This study uses the 2020 dataset of planted and natural forests at 30 m resolution in China (Fig. 1a) as a mask for forest age mapping. This dataset is produced by integrating multisource remote-sensing data and a large number of crowdsourced samples, with an overall accuracy of over 80 % (Cheng et al., 2023b). In this study, we employ this dataset as a forest mask and utilize a combination of time series change detection algorithms and MLAs to trace the age of these planted and natural forests.

2.1.4 Forest height data

The canopy height data for China was downloaded from https://3decology.org/ (last access: 22 September 2023), which was generated based on deep learning by integrating Global Ecosystem Dynamics Investigation and Ice, Cloud and Land Elevation Satellite-2 data. This dataset has a spatial resolution of 30 m and corresponds to 2019. The accuracy of this national forest canopy height data was assessed by comparing three independent validation datasets, indicating high accuracy for the canopy height product by neural network guided interpolation (R2≥0.55; RMSE ≤5.5 m) (Liu et al., 2022). Notably, the forest extent used in this dataset is consistent with the forest extent mentioned earlier for planted and natural forests, ensuring spatial consistency when estimating forest age.

2.1.5 Climate data

Climate data were acquired from WorldClim 2.1 (https://worldclim.org/; last access: 22 September 2023), which offers 19 bioclimatic variables, including temperature and precipitation, with 30 arcsec resolution. The 19 bioclimatic variables include annual trends, seasonality, and extreme environmental factors in temperature and precipitation. We resampled the 19 GeoTiff (.tif) files to 30 m resolution using a nearest-resampling method for spatial resolution consistency. To reduce the dimension of bioclimatic variables, we applied a principal component analysis to map the 19 bioclimatic variables into a new principal component (PC) space. We use the first three components PC1, PC2, PC3 to represent the climate factors. According to the results of the analysis, PC1 gives annual trends in temperature and precipitation, PC2 gives seasonal variations in temperature and precipitation, and PC3 gives precipitation and temperature extremes (Table S1 in the Supplement).

2.1.6 Soil data

Soil data with a resolution of 30 arcsec were extracted from the Harmonized World Soil Database v1.2, developed jointly by the Food and Agriculture Organization of the United Nations, the International Institute for Applied Systems, the ISRIC-World Soil Information, the Institute of Soil Science, the Chinese Academy of Sciences, and the Joint Research Centre of the European Commission. As per previous studies, soil type and texture were selected from the soil dataset in this study to construct the model to estimate forest age (Besnard et al., 2021). We also resampled the soil data to 30 m using a nearest-resampling method.

2.1.7 Topographic data

The Shuttle Radar Topography Mission (SRTM) V3 provides global digital elevation data at 30 m resolution and was used in this study to extract topographic variables (Su et al., 2020). Three topographic features – elevation, slope, and aspect – were calculated to estimate forest ages.

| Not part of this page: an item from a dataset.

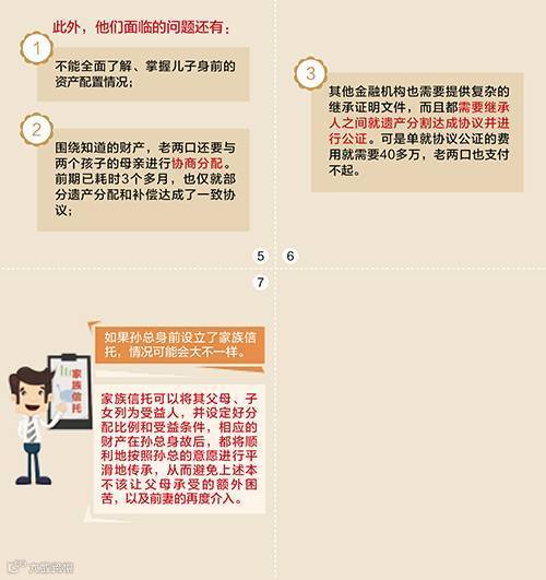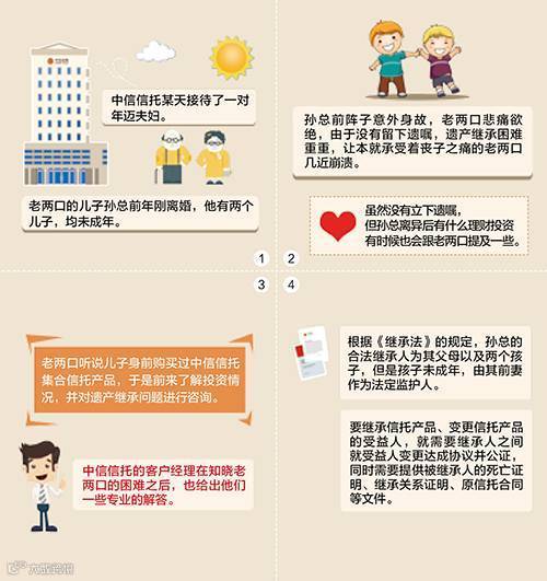 信托公司某天接待了一对年迈夫妇,老两口的儿子孙总前年刚离婚。前阵子孙总意外身故,又没有留下遗嘱。财产的继承问题,让本就承受着丧子之痛的老两口几近崩溃……

Table 1Descriptions of variables used to estimate forest ages in China.

Download Print Version | Download XLSX

2.2 Forest age estimation

To generate China's forest age map and explore the performance of MLAs to retrieve forest age, we applied two approaches to estimate forest age in China: the MLA approach and the LandTrendr disturbance detection approach. First, the MLA approach estimates ages for forest regions using forest inventory and multisource remote sensing data. Second, the LandTrendr algorithm is applied to detect stand-replacing disturbances based on the Landsat time series images. Third, we use the forest age map detected by LandTrendr to update the forest age map derived using the MLA approach and generate China's forest age map with 30 m resolution. Figure 2 shows a detailed framework for the forest age estimation proposed in this study.

https://essd.copernicus.org/articles/16/803/2024/essd-16-803-2024-f02

Figure 2Framework of China's forest age estimation (green boxes represent data, blue boxes represent methods, and yellow boxes represent results).

Download

2.2.1 Machine learning approach

The MLA employed in this study comprised the steps described below.

  1. MLA selection.

    This study used the following model-screening procedure to explore which model works best for each vegetation division: first, we used the automated machine learning (Auto-ML) open-source Python library LazyPredict to filter for alternative models. LazyRegressor (including 40 MLAs) was used to build stand-age estimation models based on all data, which helps to understand which MLA works well without tuning parameters. The performing models with R2 greater than 0.60 in each vegetation division were concentrated in 13 MLAs (Table S2). Second, by splitting training data and testing data, the top three MLAs for each vegetation division were determined (Table S2). It can be found that the potential optimal models of eight vegetation divisions were concentrated in RF, Gradient Boosting Decision Tree (GBDT), Histogram Gradient Boosting (HistGradientBoost), Light Gradient Boosting Machine (LightGBM), and Categorical Boosting (CatBoost).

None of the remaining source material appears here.